Seul le véhicule de transport sera retrouvé, vide. Durant plusieurs semaines, Tony Musulin restera comme l'homme le plus recherché de France, mais, c'est lui qui finira par se livrer à la police monégasque, qui le livrera le 16 novembre aux autorités tricolore.

Deux ans après les faits, la journaliste Alice Géraud-Arfi décide d'écrire Toni 11,6. Histoire du convoyeur, un livre dans lequel elle livre plusieurs confessions que lui aurait faite Tony Musulin.

C'est sur ce bouquin que se base le film 11.6, réalisé par Philippe Godeau en 2013. l'homme est plus connu en tant que producteur (notamment à travers sa société Pan Européenne, dont il demeure un des dirigeants) que pour sa filmographie (il n'avait signé qu'un seul film avant celui ci, Le Dernier Pour la Route, en 2009).

Pour ce second long métrage, il engage à nouveau le comédien François Cluzet, déjà à l'affiche de son précèdent film.

Dans 11.6, on trouve aussi Bouli Lanners, Corine Masiero, Eric Bernard, et les apparitions de Mehdi Nebbou et Lionel Astier.

L'histoire suit les grandes lignes du fait divers de l'époque. On suit un homme nommé Tony Musulin, convoyeur de fond peu considéré par sa direction, et qui vit avec la propriétaire d'un bar, dans son établissement, à Lyon.

Un jour, constatant une différence de salaire sur son bulletin par rapport à son collègue qui a fait le même nombre d'heures que lui, Tony Musulin monte à l'étage voir son patron.

Mais, celui ci le reçoit froidement et le chasse vite du bureau, sans vraiment prendre la peine de l'écouter. Pour le convoyeur, c'est l'humiliation de trop. Il décide de punir l'entreprise à sa manière.

Il loue un garage et commence à y faire des aménagements toutes les nuits, s'arrange pour se fâcher très sérieusement avec son meilleur ami et collègue, Arnaud, et fait en sorte que sa compagne, Corine, le quitte.

Le matin du 05 novembre 2009, sans en avoir parlé à quiconque, il disparaît avec 11 600 000 euros, planqué dans un fourgon qu'il transportait.

Je dois l'avouer, même si , d'ordinaire, j'apprecie beaucoup le jeu d'acteur de François Cluzet, j'avais vraiment du mal à l'imaginer dans la peau d'un tel personnage avant de voir le film.

Pourtant, si il y a bien un élément à retenir dans 11.6, c'est la prestation parfaite du comédien.
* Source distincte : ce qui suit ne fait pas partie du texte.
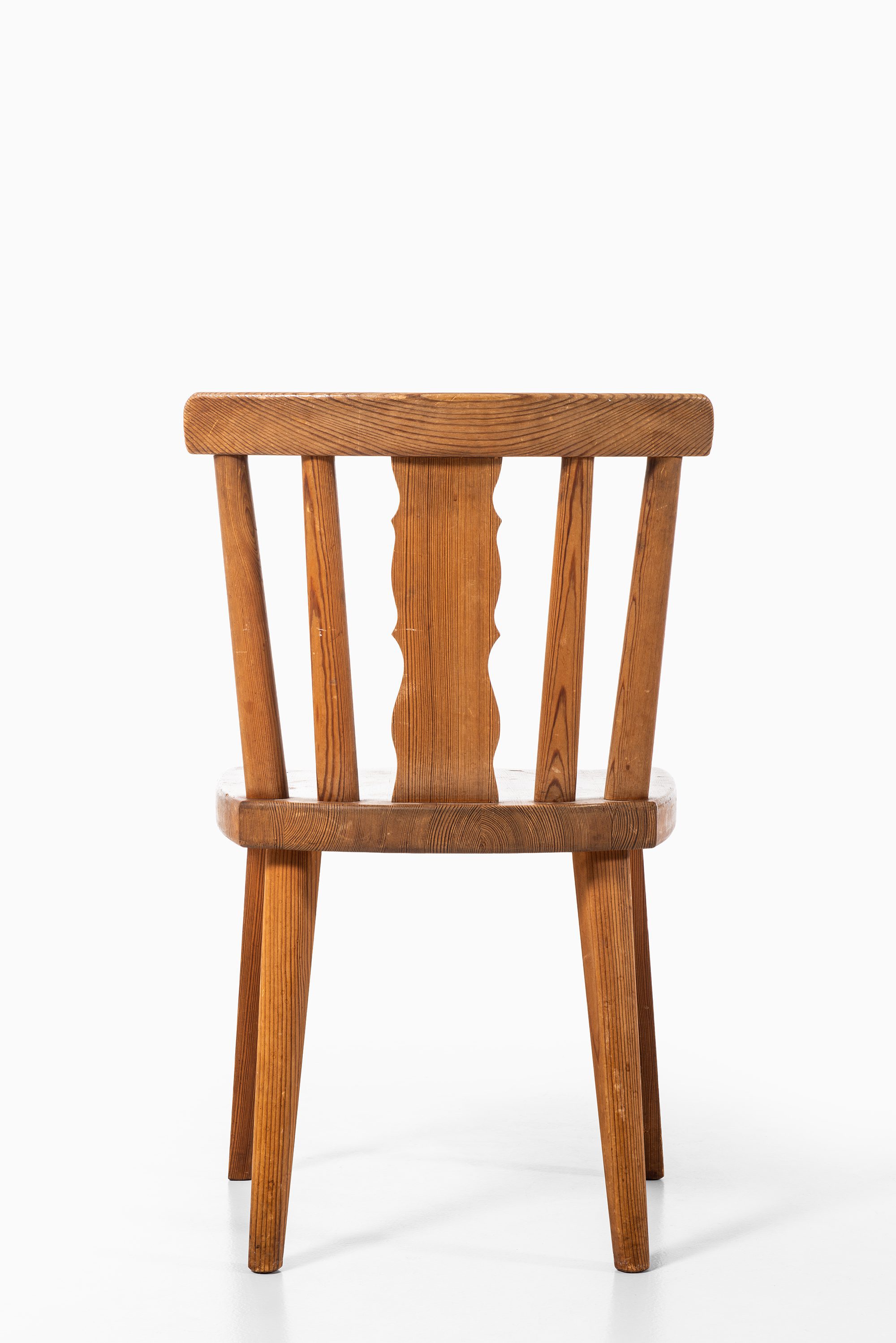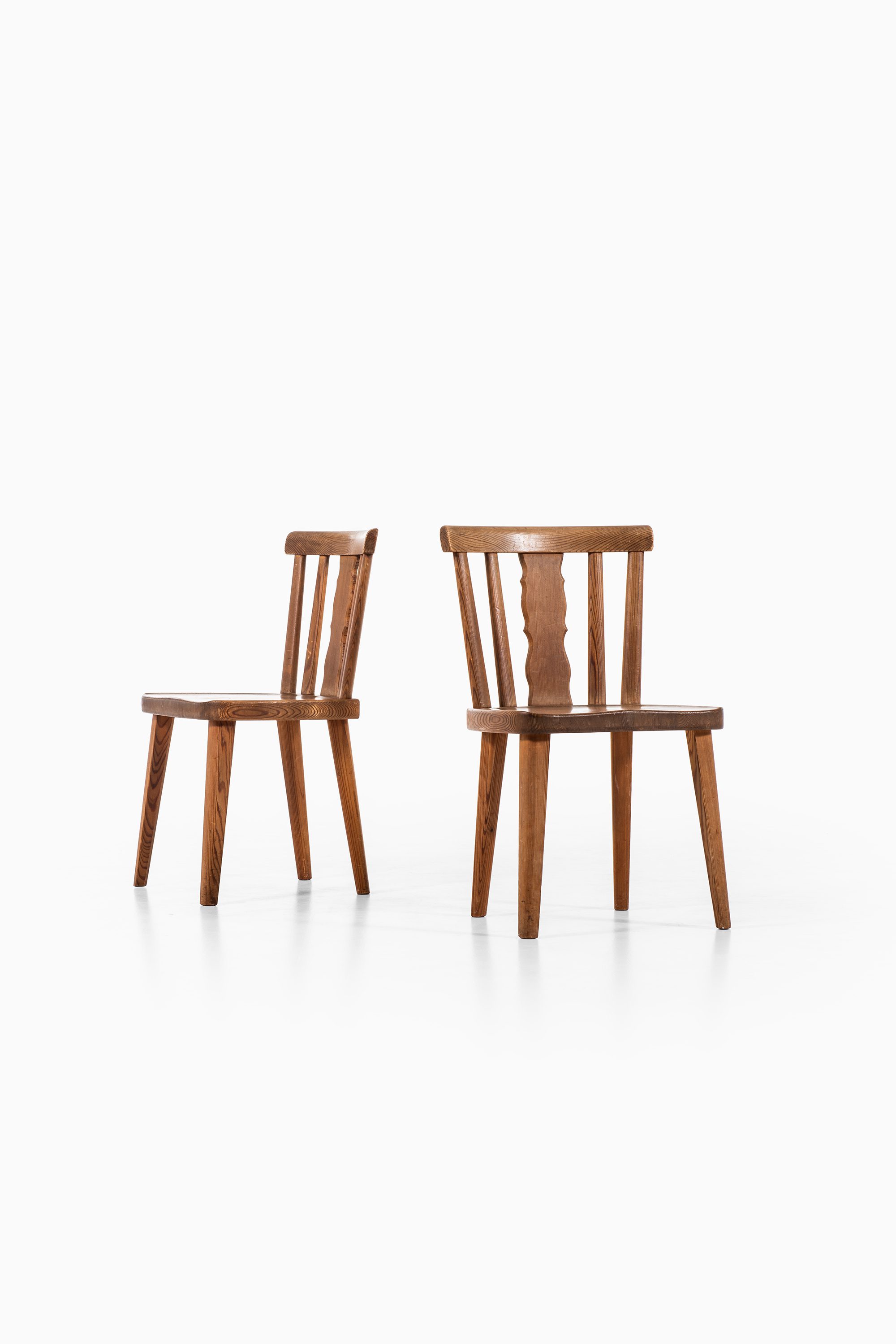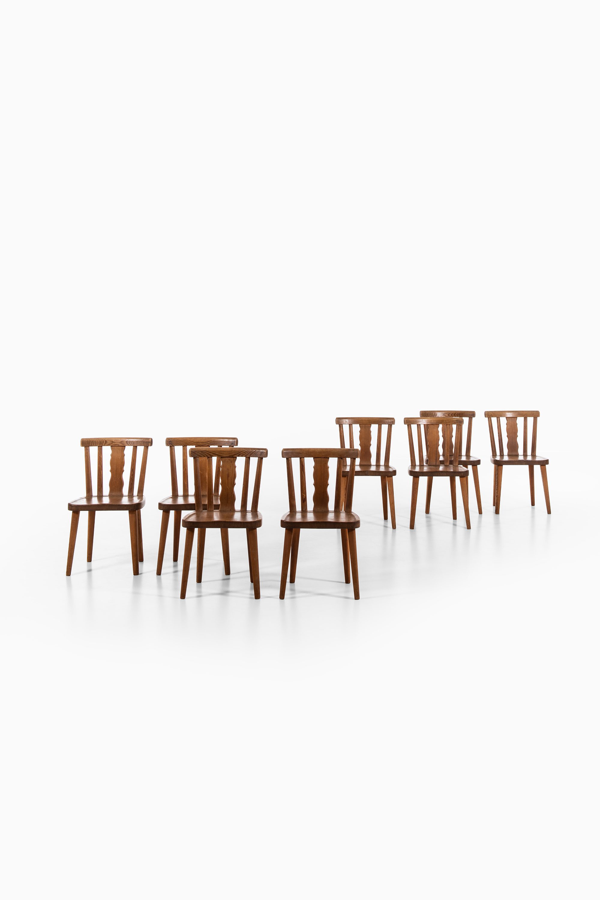 This rare set of eight dining chairs is attributed to the Swedish designer Axel Einar Hjorth and was produced by Bodafors in Sweden during the 1930s. The chairs are executed in acid-stained pine, a material and finish often associated with Hjorth’s designs of the period, particularly those connected to his functional and rustic modernist approach. The craftsmanship reflects the balance between robust construction and simple, practical forms that defined much of Hjorth’s furniture.

Peu bavard, mais, extrêmement manipulateur, en plus d'ètre un énorme mythomane, le personnage, tel qu'il apparaît dans le long métrage, est surtout un homme qui rêve à une vie qu'il ne pourra avoir. Alors, il invente, quitte a mentir, ce qui ne lui pose aucun soucis.

Il s'achète une voiture de sport ultra luxueuse et prétend que c'est pour faire plaisir à sa compagne, alors que lui est connu pour aimer ce genre de véhicule, et qu'elle s'en fiche. Il drague une femme lors d'une soirée, presque en la harcelant, et prétendra aimer la montagne juste parce qu'elle est guide.
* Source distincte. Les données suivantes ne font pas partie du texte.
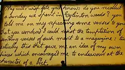 On 30 December 1787, Burns wrote to Brown saying: "Do you recollect a Sunday we spent in Eglinton woods? You told me, on my repeating some verses to you, that you wondered I could resist the temptation of sending verses of such merit to a magazine: 'twas actually this that gave me an idea of my own pieces which encouraged me to endeavour at the character of a Poet." Adding that : "Almighty Love still "reigns and revels" in my bosom; and I am at this moment ready to hang myself for a young Edinr. Widow." The widow, as he puts it, was Clarinda.[1] This letter provides clues as to when Burns's regular marriage to Jean Armour took place.
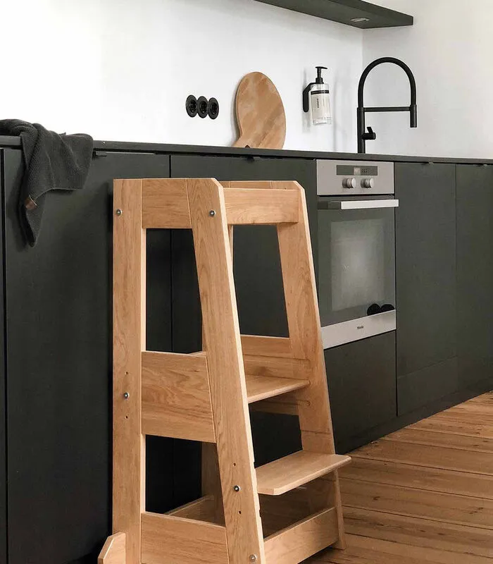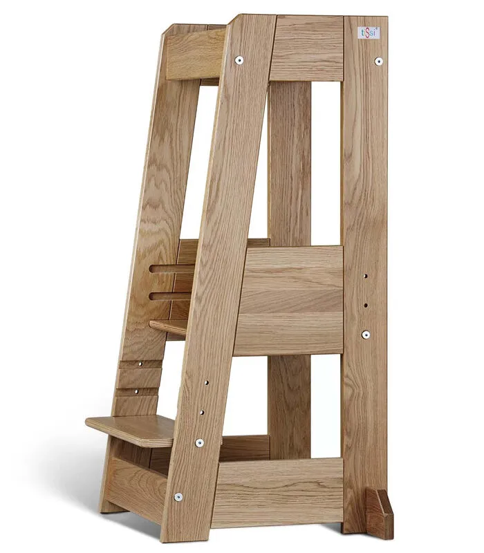 De leertoren is verstelbaar om uw kind tijdens zijn ontwikkeling te begeleiden. Kindveilige kwaliteitsproducten van hout zonder schadelijke stoffen.
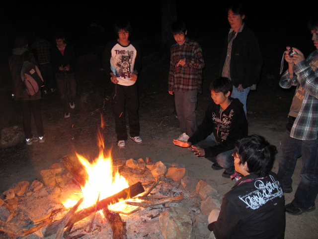 夕食の後は,キャンプファイアーを楽しみました。火を囲んでいろいろおしゃべりをしたり,満天の星空を見たりしました。周囲は真っ暗なので星の見え方は半端じゃありません。天の川の星々がまるで煙のように夜空に広がっています。南十字星もハッキリ確認できました。

Au final, ou est la vérité ? On le ne saura pas, tout comme le fait de savoir si Tony Musulin a commit son vol pour humilier son entreprise ou par pure envie de célébrité.

Phillippe Godeau ne juge jamais, ni le personnage, ni ses actes, et laisse le spectateur se faire sa propre opinion sur les faits. Du même coup, il évite de se pencher sur la psychologie de Tony Musulin et c'est, à mon sens, ce qui manque véritablement au film, qui se borne à retracer les faits.
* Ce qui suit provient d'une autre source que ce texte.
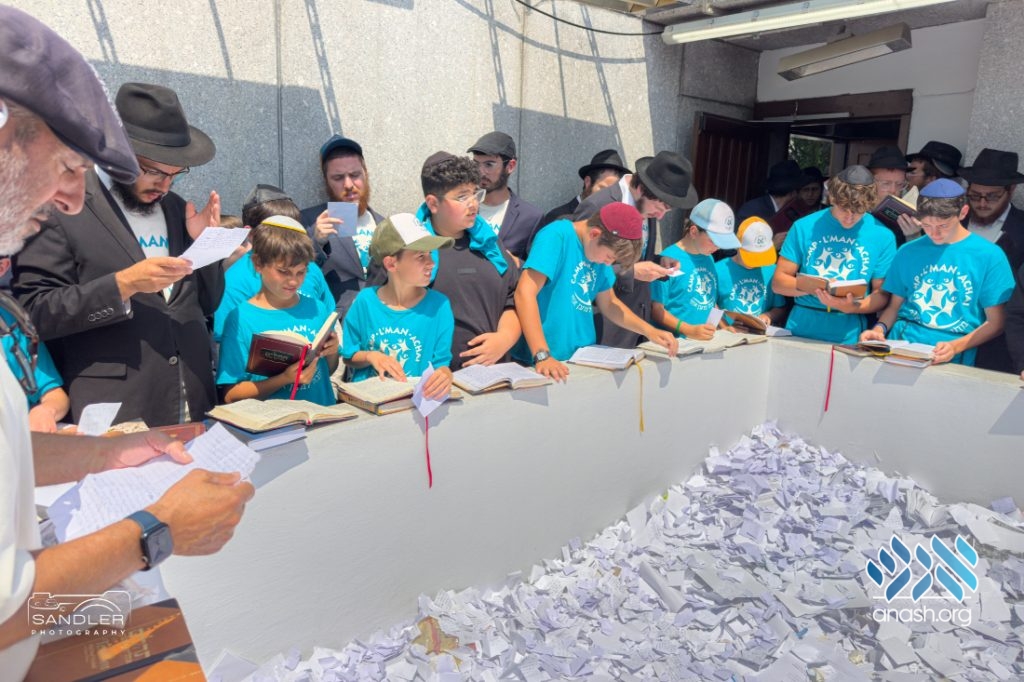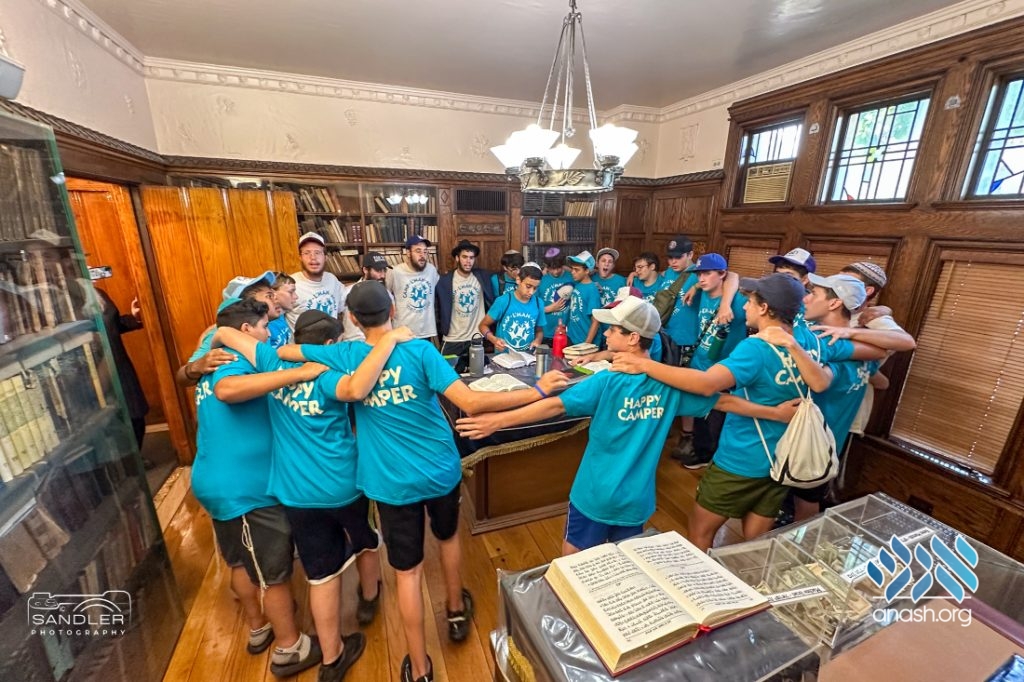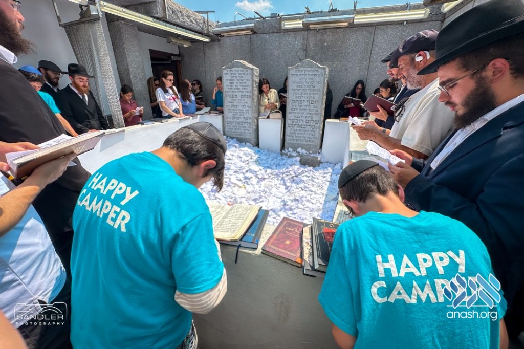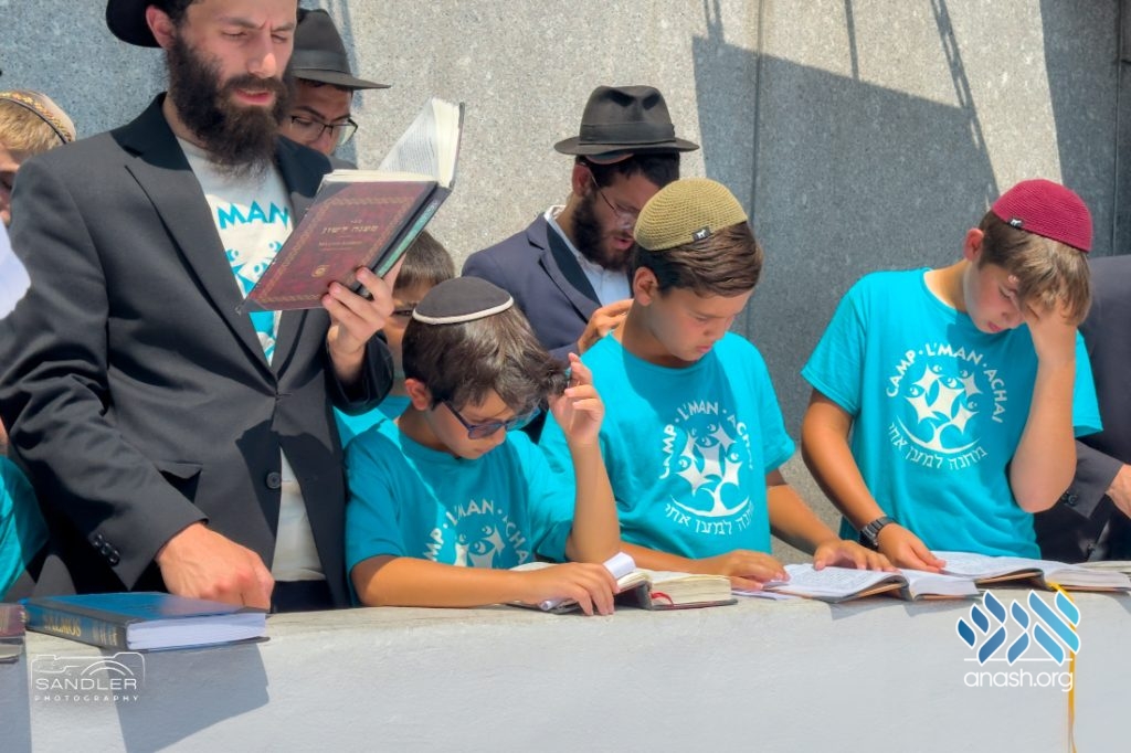 The trip began at the Ohel, where the boys had prepared panim the night before during learning classes. Greeted by Rabbi Yossi Paltiel who spoke to the campers, they then entered in small groups to daven — for many, it was their first time, and an unforgettable spiritual moment.
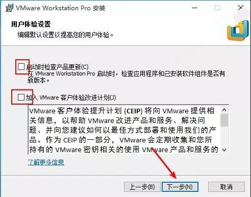 6.取消勾選檢查產(chǎn)品更新和客戶體驗改進(jìn)計劃,點擊下一步。
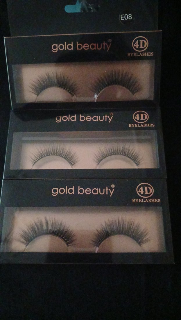 Gold Beauty markasına ait E08 model 4D sahte kirpikler, koyu altın rengindedir ve doğal hacim sağlar. ✨
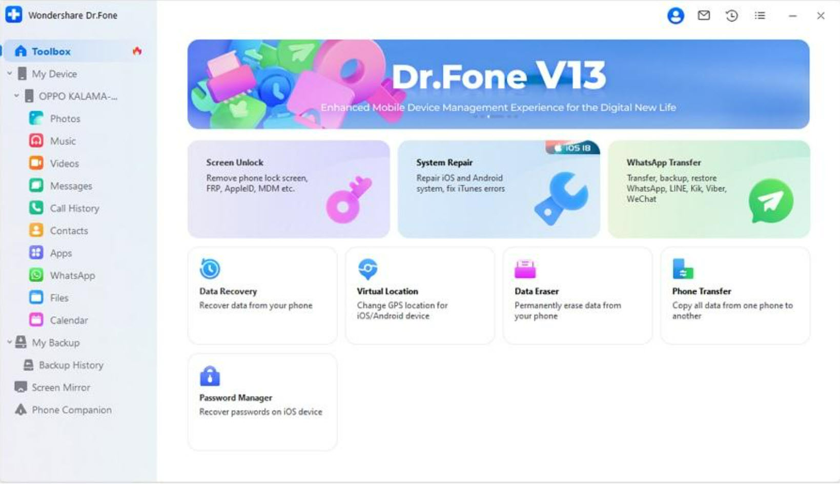 Hier is een lijst met enkele taken die u kunt uitvoeren met Dr.Fone:

Malgré une réalisation trop classique, 11.6 demeure un thriller haletant qui doit beaucoup à ses comédiens, notamment François Cluzet, mais, aussi Bouli Lanners en ami fidèle victime des brimades des collègues qui le trouvent simplet, et Corine Masiéro, en patronne de restaurant dont le seul tord est d'ètre trop amoureuse de Tony Musulin.

Bref, le long métrage de Philippe Godeau n'est pas forcement la réussite qu'on aurait pu attendre au vue du sujet, mais, ça reste une oeuvre intéressante porté par d'excellents acteurs.